At the risk of being branded a heretic, unAmerican, or a millennial, I have to admit, I’m not a huge Country music fan. I do, however, have several Country Music artists and quite a few singles on rotation on my phone. I Love Kenny Rogers wake up rasp, Willie Nelson’s plaintive clarity, Dolly Parton’s sass, Patsy Cline’s sweetness, and though not strictly Country, I do love some Johnny Cash & John Denver.

I think what I like about Country is the same thing I love about Irish folk music – the stories. Kenny’ Rogers’ song The Gambler, is a magnificent piece of cogent advice wrapped in melody. The lyrics were playing in my mind the other day as I was rerunning a conversation I’d had with someone in my mind. Know when to hold ’em, know when to fold ’em, know when to walk away, know when to run. Never count your money when you’re sittin’ at the table, there’ll be time enough to count it when the dealin’s done. Was it time to run? Perhaps it was just time to just hold my cards close to my chest.

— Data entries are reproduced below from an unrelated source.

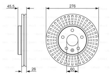 Mounting bridge: front, disc diameter: 276 mm, center hole diameter: 60 mm, number of fixing holes: 5, hole diameter: 105 mm, disc thickness: 26 mm, minimum disc thickness: 23 mm, thickness: 26
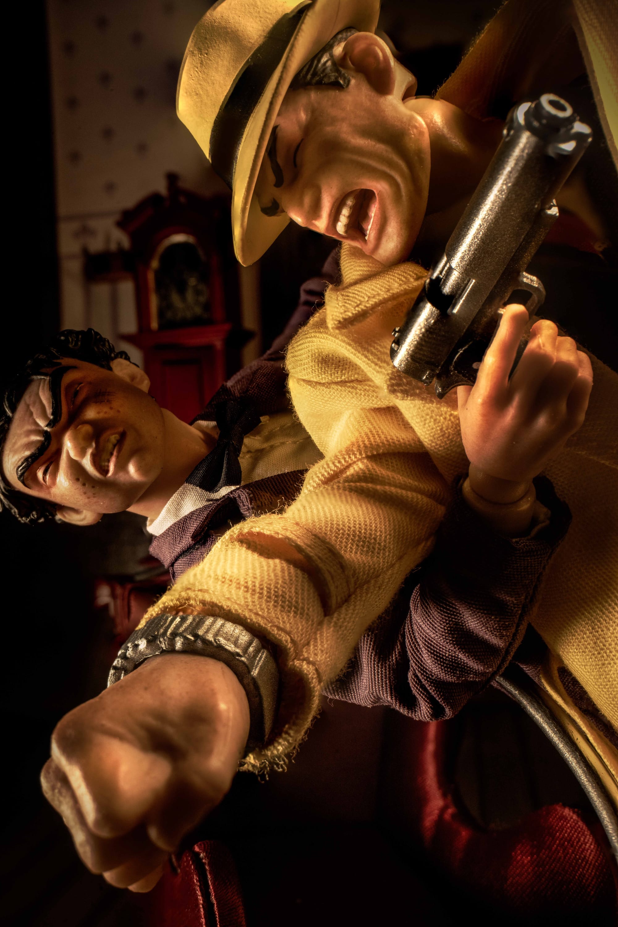 Inspiration: My inspiration for this photo comes from my deep love of classic gangster films. I wanted to capture the iconic moment of Dick Tracy getting the upper hand on his notorious nemesis, Flattop, bringing that timeless cinematic tension to life.
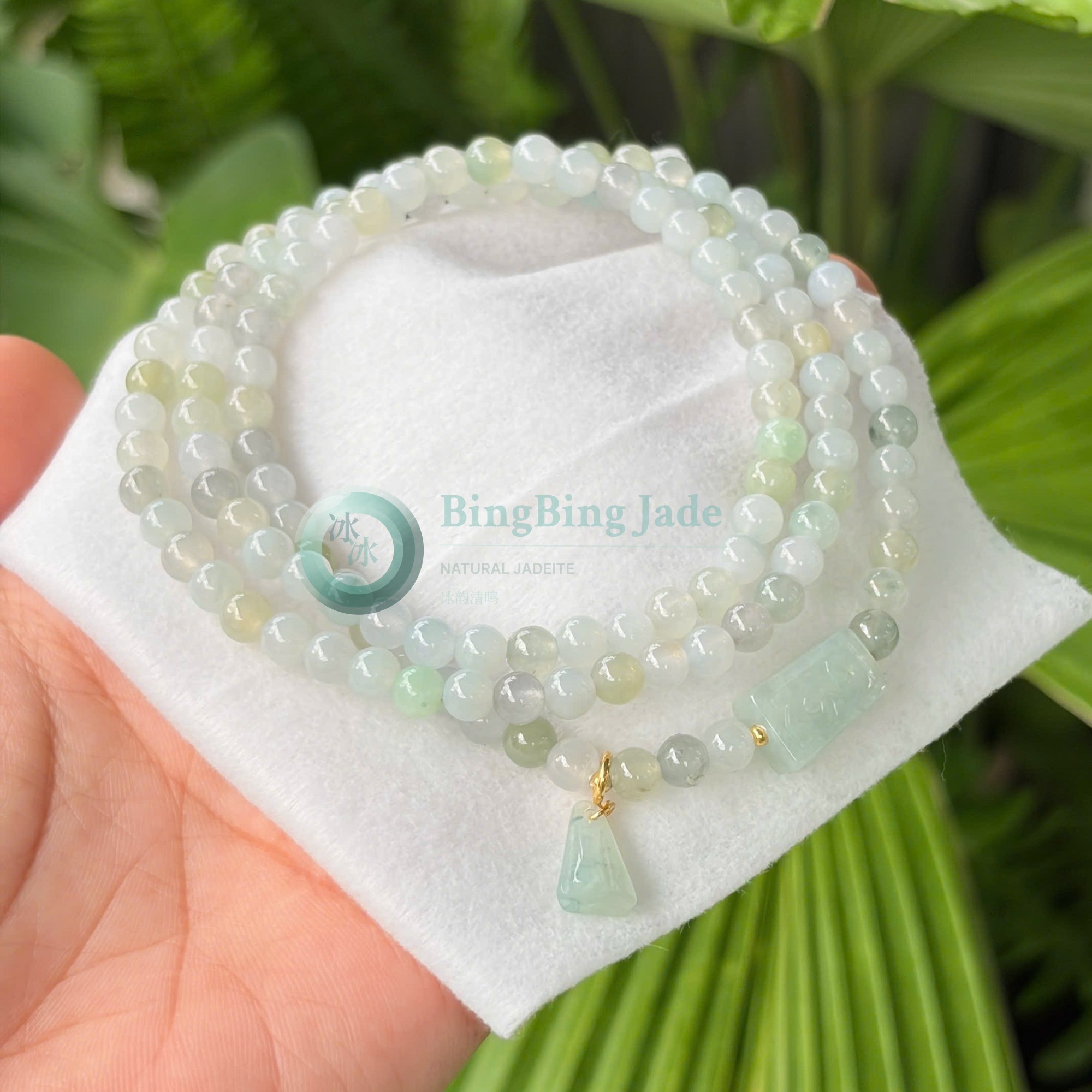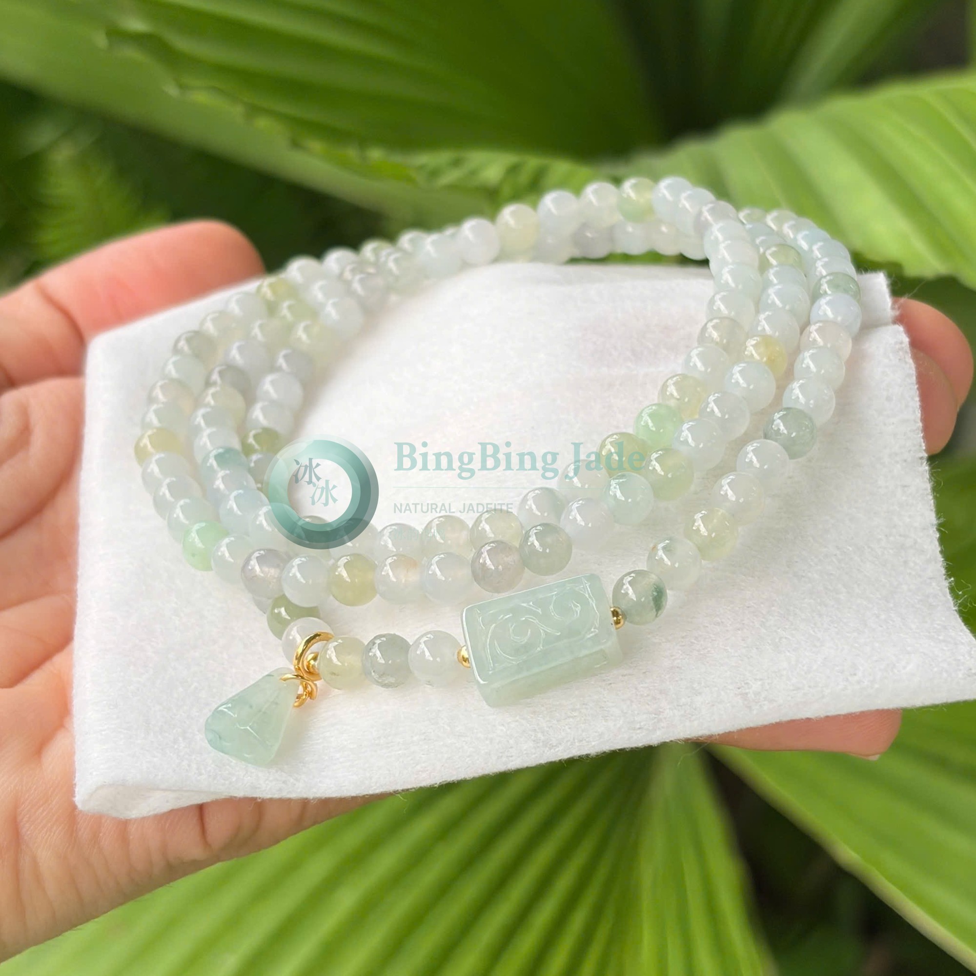 Misty Spring Waters Jadeite Bead Necklace — 6mm Floating Green

It’s funny. Church people aren’t supposed to know about gambling and poker, and to be sure, I hate gambling because I hate to waste hard-earned money. I’ve been to a casino with friends once in my early twenties and only because I was dragged. I rationalized the $10 cost of the trip was defrayed by the $20 in free tokens we got to play and the meal voucher. I cashed in $10 worth of tokens for quarters immediately upon arrival, then I had them to do laundry with when I got home. I cashed in my voucher for a free meal and spent the most unsatisfactory $10 of my life on games rigged to fail me and pay the house. That being said, however, I think poker is an excellent analogy for life. And card games, in general, are a fantastic way of teaching you all kinds of life skills – chief of which is think before you act.

So, as I walk through life, humming Kenny Rogers’ ode to a man who got valuable advice from a stranger, I’ll remember my own modified version of that advice: Pray first, think second, pray third, then act because “all my mistakes were made in a hurry.”